Tuesday, April 8, 2008

Deconstructing Deconstruction

Prof. Stanley Fish has an excellent analysis of how French theory (particularly Foucault, whom we discuss in Punishment quite a bit) transformed American philosophical thought during the so-called "culture wars" of the 1990's.

It’s a great story, full of twists and turns, and now it has been told in extraordinary detail in a book to be published next month: “French Theory: How Foucault, Derrida, Deleuze, & Co. Transformed the Intellectual Life of the United States” (University of Minnesota Press).
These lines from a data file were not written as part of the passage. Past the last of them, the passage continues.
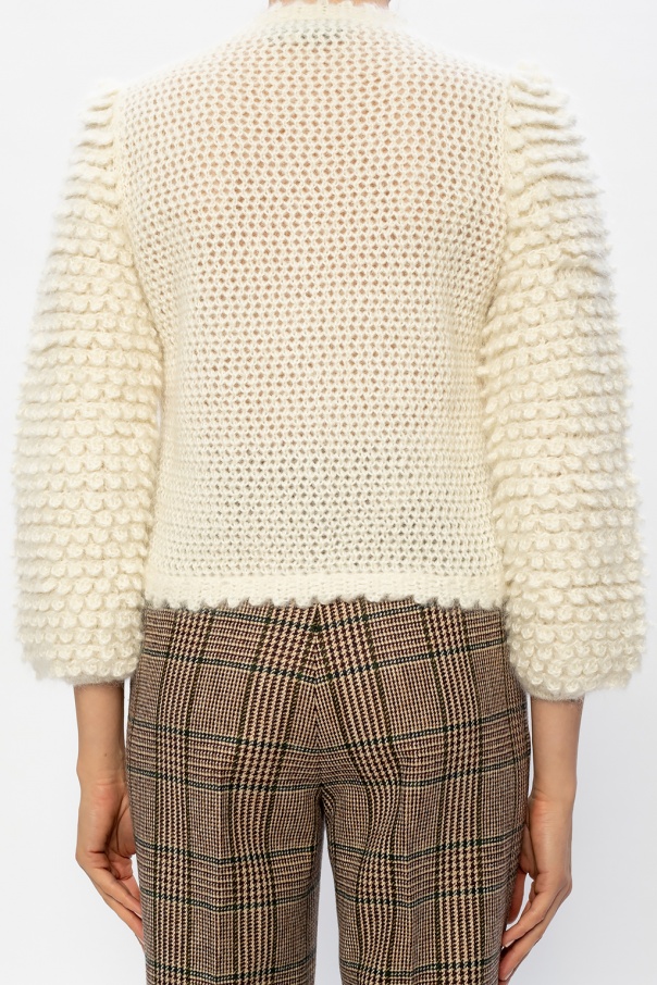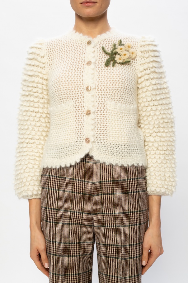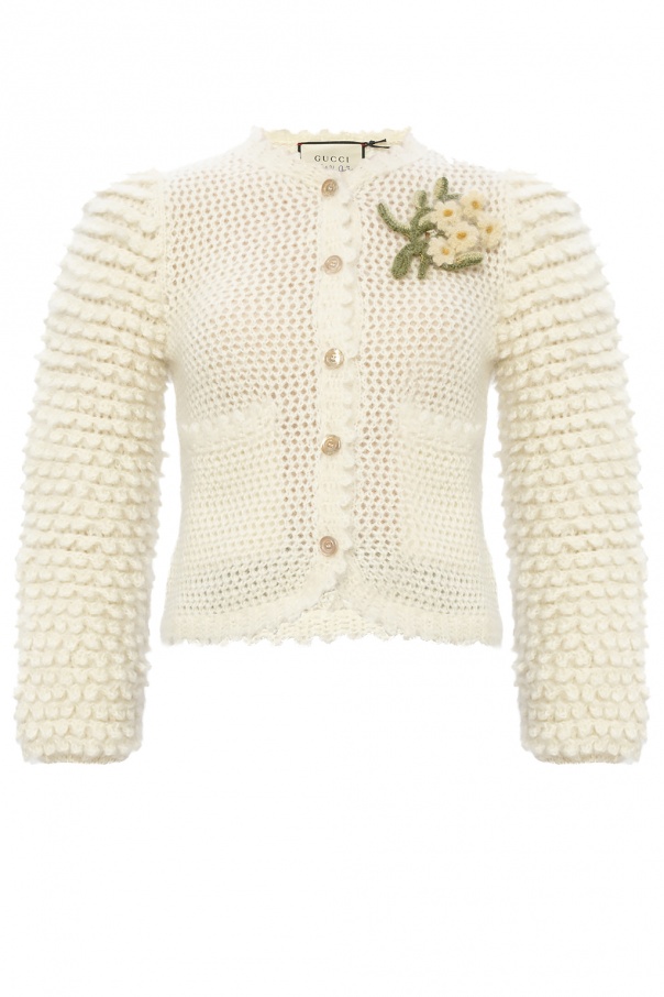 Cream knitted cardigan from Gucci. Fastened with buttons, this long sleeve design features a floral motif brooch and two slip pockets.
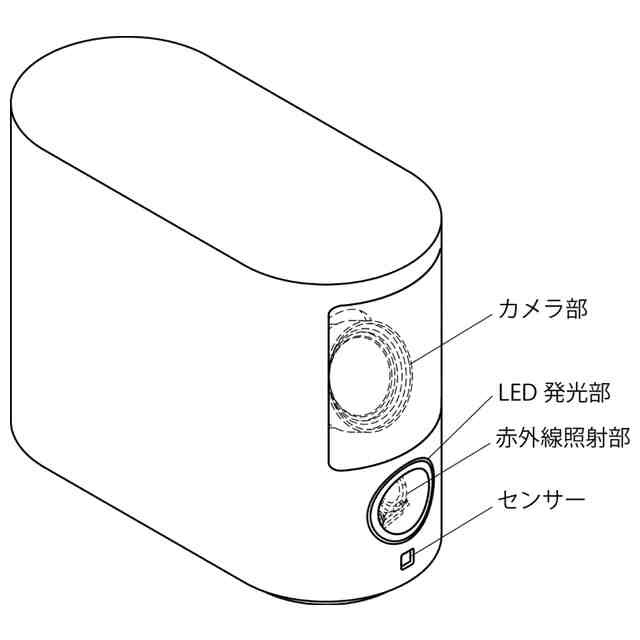 実線で表した部分は部分意匠として意匠登録を受けようとする部分である。「透明部を示す参考斜視図」中、斜線を施したカメラ部及び赤外線照射部の前面パネルは透明である。「使用状態を示す参考図1」及び「使用状態を示す参考図2」は、本物品がゲートに設置された状態の一例を示すものである。
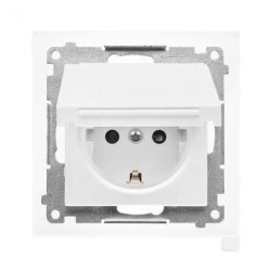 Simon 55 Gniazdo Schuko IP44 z przesłonami z uszczelką ramki (moduł), szybkozłącza. Klapka w kolorze Biały mat TGSZ1BCZ.01/111
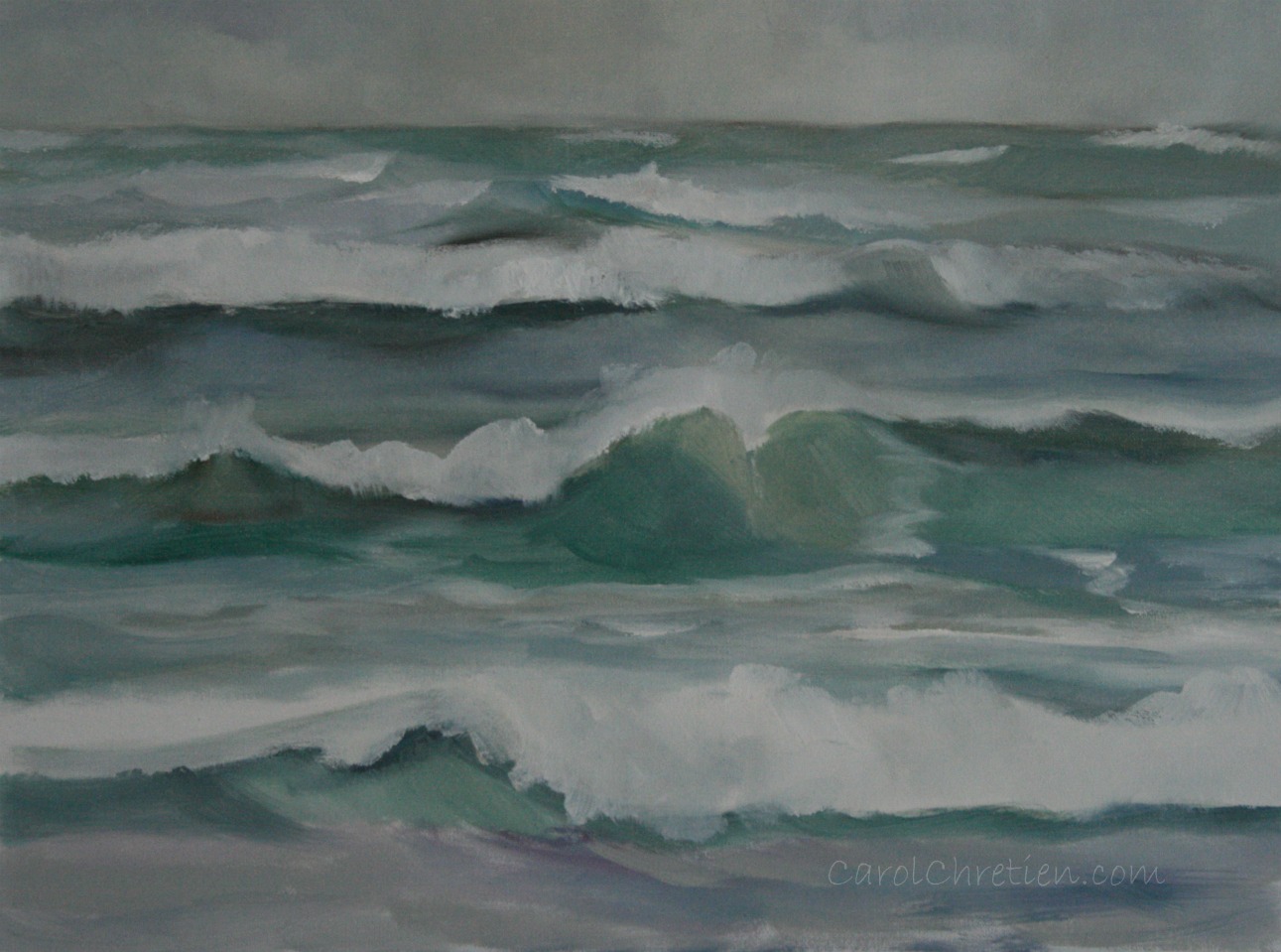 I have done countless sea scapes with Dalmatians in them but this one is just the sea and a foggy sky.
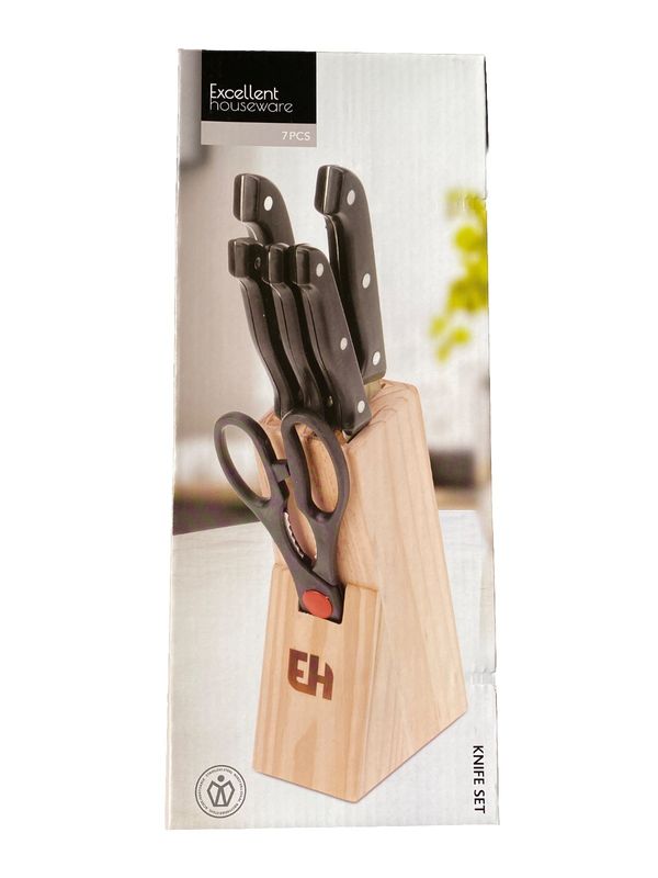 Küchenmesserset Messeret 7-teilig mit Messern Schere Halterung Holzblock
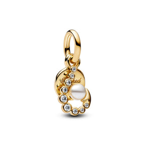 The Pandora Hook Double dangle charm features a hook decorated with zircons and a faux pearl, and a plaque with the text: "Hooked on You". The charm is made of 14 karat yellow gold-plated jewelry metal. The charm is suitable for combining with bracelets and necklaces from the Moments series. Give it as a gift to an important relative or combine it with other Pandora charms to create your own personal ensemble.

The book’s author is Francois Cusset, who sets himself the tasks of explaining, first, what all the fuss was about, second, why the specter of French theory made strong men tremble, and third, why there was never really anything to worry about.

Deconstruction’s technique of always going deeper has no natural stopping place, leads to no truth or falsehood that could then become the basis of a program of reform. Only by arresting the questioning and freeze-framing what Derrida called the endless play of signifiers can one make deconstruction into a political engine, at which point it is no longer deconstruction, but just another position awaiting deconstruction.
In other words, deconstruction for deconstruction's sake is often pointless, circular and self-defeating, especially if the "goal" of deconstruction is political in nature. I'm not sure why that point was lost in the 90's, but perhaps it was deconstructed right into obscurity.

Fish's column is a must read for those of you wrestling with Foucaultian or French theory, and the book he mentions by Cusset is something I plan on picking up.